> [What the task requires] The required output is the lines of the listing from the beginning through the line containing "This is a small", each copied exactly, without any pictures.

> [Available data]
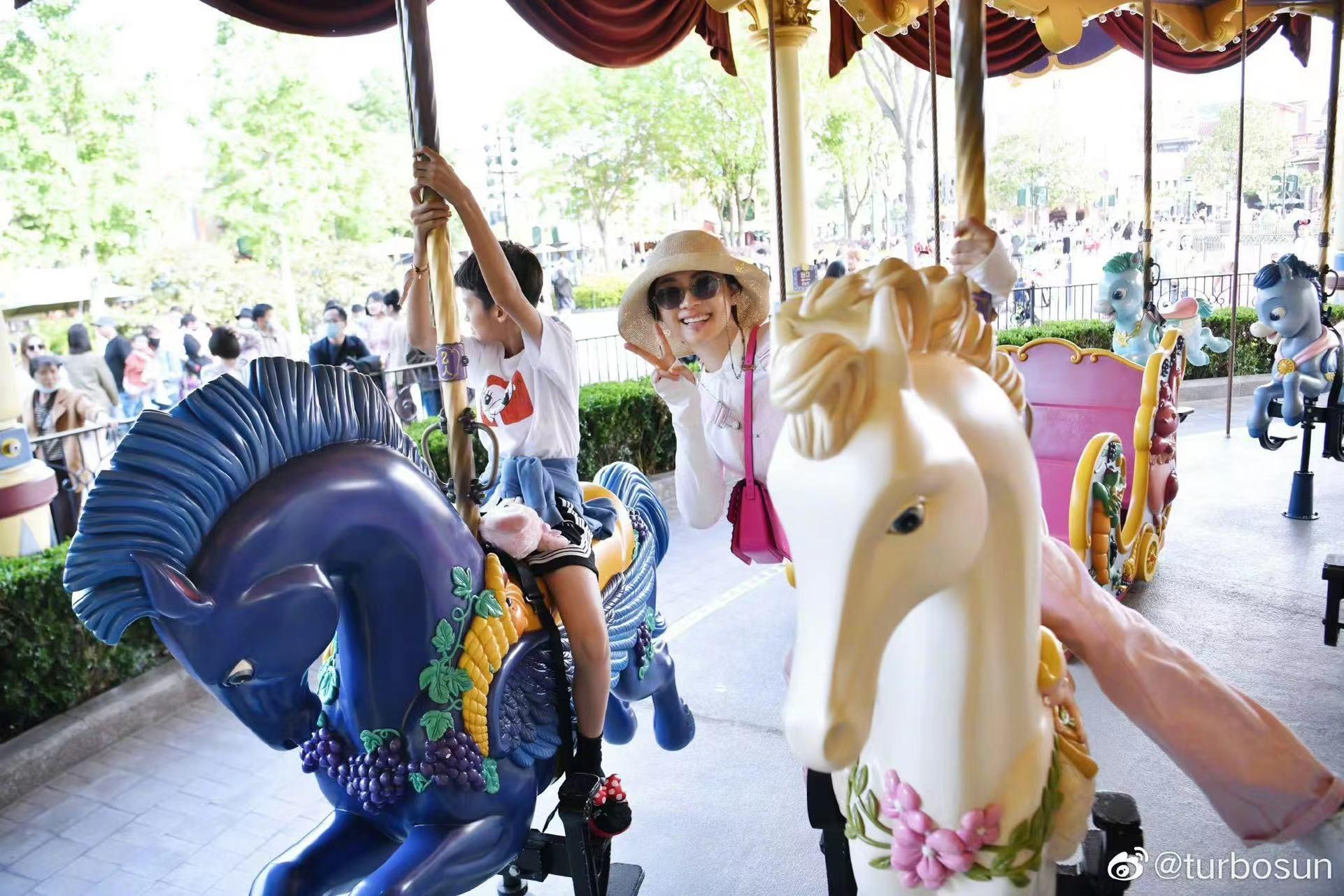 前不久,孙俪还po出过和老公邓超带着两个孩子去游玩的温馨照片。当时孙俪穿着粉色背带裤美回20岁,和儿子等等一起做旋转木马时,母子俩乍眼一看,还以为是姐弟呢。
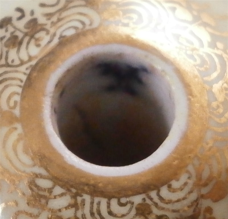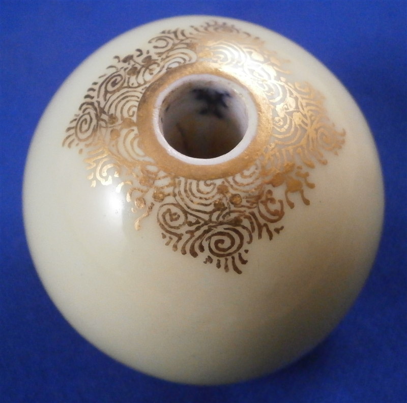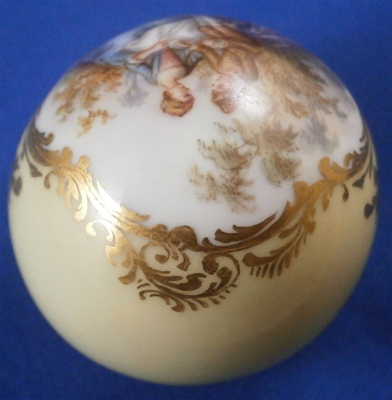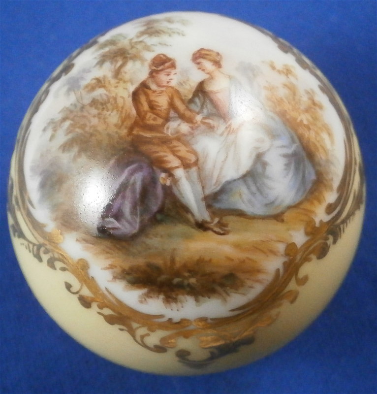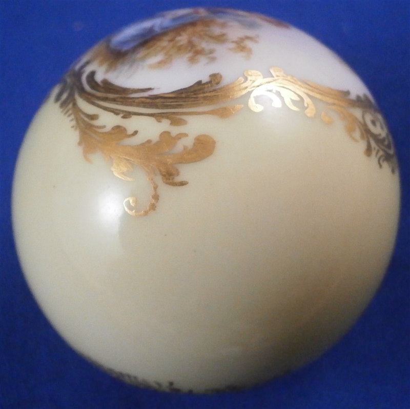 This is a small cane or umbrella handle made by Meissen in the late 19th or early 20th century. It is in the shape of a ball and is in perfect condition. The piece is hand painted with a very high quality detailed couple in a landscape scene on the top part surrounded by some very nice gilding with the rest of the piece having a nice yellow ground color and some more fancy gilding around the hole for the cane as shown. It was probably never used or used very few times. The piece is marked on the inside hole where it usually would not be visible when attached to a cane or umbrella. The handle is 1.5 inches in diameter and the inside diameter of the hole is just over 0.25 inches. Please email me for more information or other pictures.
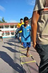 | Keywords: USS Blue Ridge operations 130626-N-NN332-120.jpg en Personnel Specialist 2nd Class William Baldwin participates in agility drills with children from Timor-Leste Kid's Tennis while U S 7th Fleet flagship USS Blue Ridge visits Dili Democratic Republic of TImor-Leste Blue Ridge port visits represent an opportunity to promote peace and stability in the South Indo-Asia-Pacific region demonstrate commitment to regional partners and foster growing relationships 2013-06-26 LCC 19 https //www dvidshub net/image/961830 130626-N-NN332-120 2013-06-27 03 41 USS BLUE RIDGE LCC 19 TL PD-USGov-Military-Navy USS Blue Ridge LCC-19 Images from DoD uploaded by Fæ |
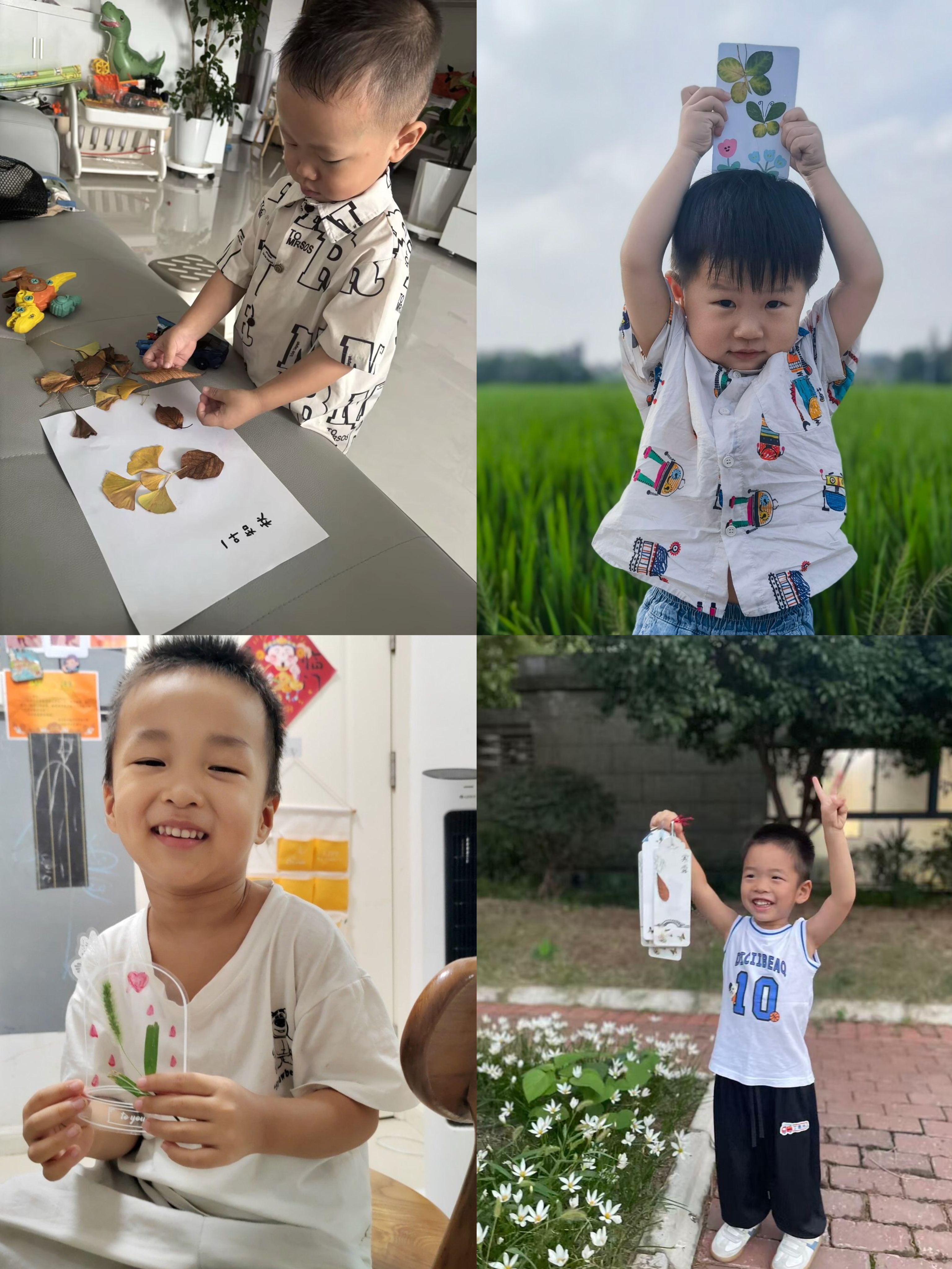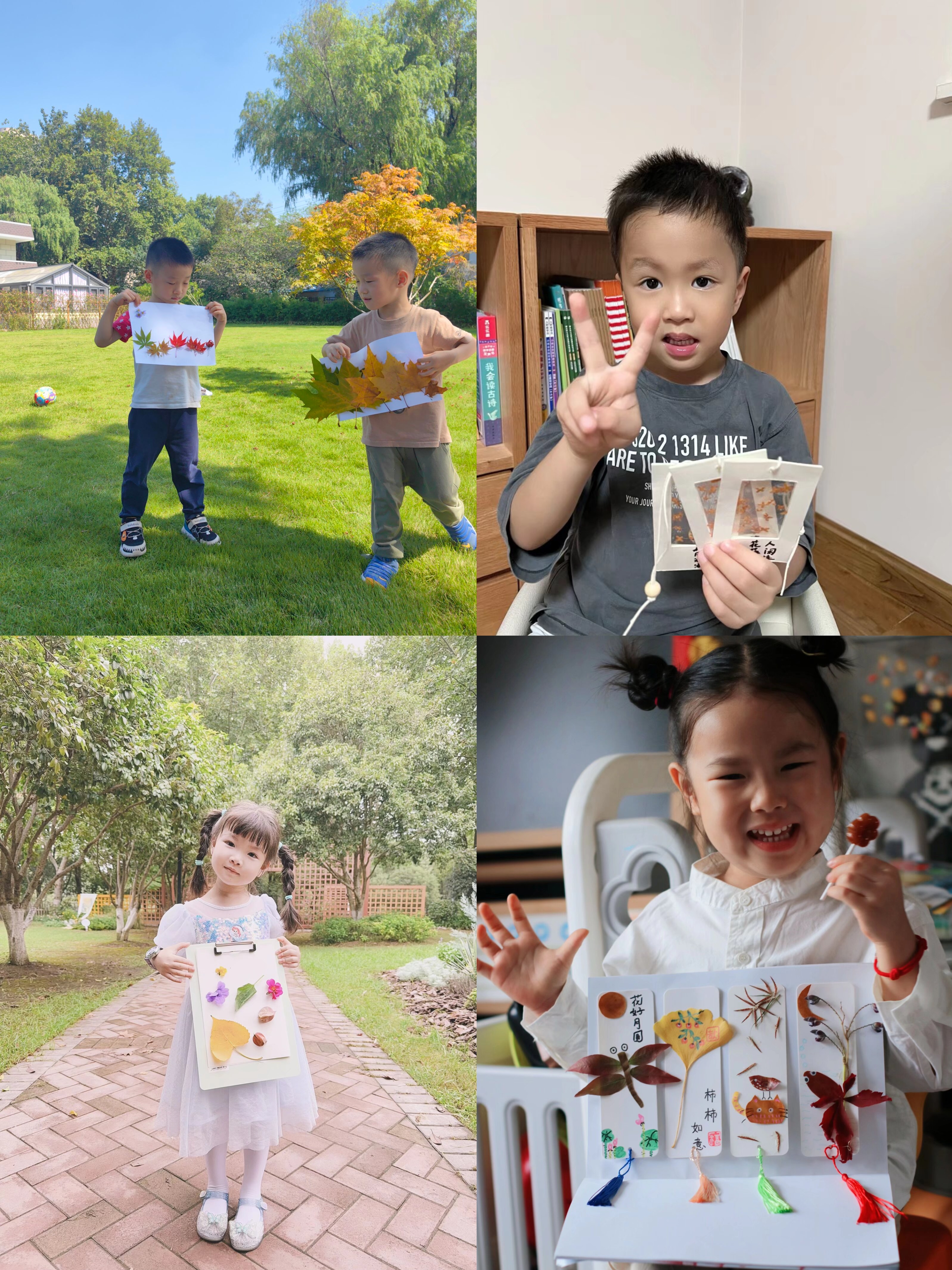 秋天来临,家长们带着孩子走进大自然,收集各式落叶制作书签。金黄的银杏、火红的枫叶……每一片叶子都成了孩子们眼中的宝贝。他们将树叶压平,贴上可爱的贴纸,再系上细绳,一枚枚独一无二的寒露书签就这样完成了。不仅留住了秋天的美好,也让孩子真切感受到寒露时节树叶的形态与色彩变化。

> [Response area]
 前不久,孙俪还po出过和老公邓超带着两个孩子去游玩的温馨照片。当时孙俪穿着粉色背带裤美回20岁,和儿子等等一起做旋转木马时,母子俩乍眼一看,还以为是姐弟呢。
 This is a small cane or umbrella handle made by Meissen in the late 19th or early 20th century. It is in the shape of a ball and is in perfect condition. The piece is hand painted with a very high quality detailed couple in a landscape scene on the top part surrounded by some very nice gilding with the rest of the piece having a nice yellow ground color and some more fancy gilding around the hole for the cane as shown. It was probably never used or used very few times. The piece is marked on the inside hole where it usually would not be visible when attached to a cane or umbrella. The handle is 1.5 inches in diameter and the inside diameter of the hole is just over 0.25 inches. Please email me for more information or other pictures.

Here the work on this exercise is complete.